Kristine Kevorkian of Gig Harbor has an unusual — and very recognizable — last name, especially for someone involved with end-of-life issues.
The most famous Kevorkian is Dr. Jack, the famed pathologist and advocate for physician-assisted suicide. Kristine shares Armenian heritage but has no family connection to the so-called “Dr. Death.”
“Everybody and their brother would always ask if we were related,” she said.
And because she considers herself a kindred spirit, she refers to the late doctor, with his permission, as “Uncle Jack.”
Kristine has confronted end-of-life issues since 1993, when, as a student at Humboldt State University in northern California, she began an internship in a hospice.

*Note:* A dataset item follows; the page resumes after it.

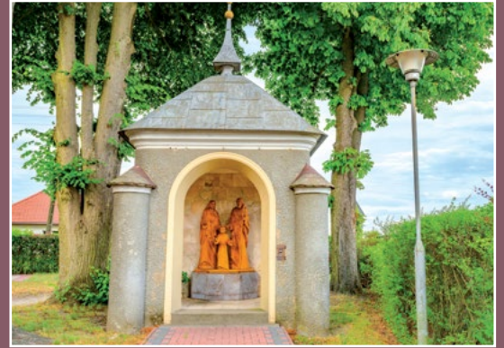
Kaplica w Drawsku Kapelle in Drawsko

She went to the school to study marine biology and made the transition into social work, and she was assigned the internship without any say in the matter.
“At the time, I didn’t even know what a hospice was,” Kristine said. “But I took to it like a fish to water.”
She knew right away it was what she wanted to do with the rest of her life.
“Working with the dying was fascinating to me,” she said. “To be given that honor, to be with somebody when they’re dying – they are the most courageous people in the world.”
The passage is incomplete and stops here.